Leaving out the pictures, retype exactly the lines from the one holding "Бирка для ключей" through the end of the material.

*DATA SECTION*
>>

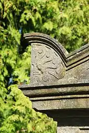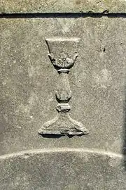 Un grand fragment de dalle brisée gisant dans la pelouse, au nord de l'église, est orné d'un bas-relief figurant un calice.
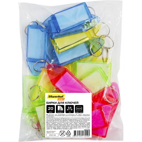 Бирка для ключей Silwerhof Daily инфо-окно ассорти (упак.:20шт) пластиковый пакет
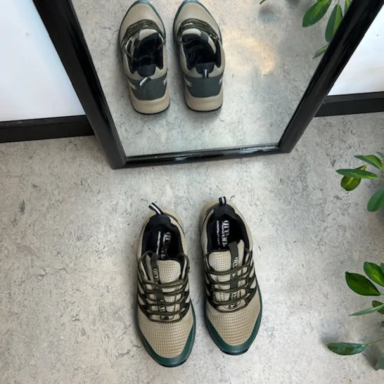 En rigtig komfortabel og praktisk sko fra Green Comfort med mørkegrønne detalje ved hælen og bunden

<<

*WRITTEN RESPONSE*
 Бирка для ключей Silwerhof Daily инфо-окно ассорти (упак.:20шт) пластиковый пакет
 En rigtig komfortabel og praktisk sko fra Green Comfort med mørkegrønne detalje ved hælen og bunden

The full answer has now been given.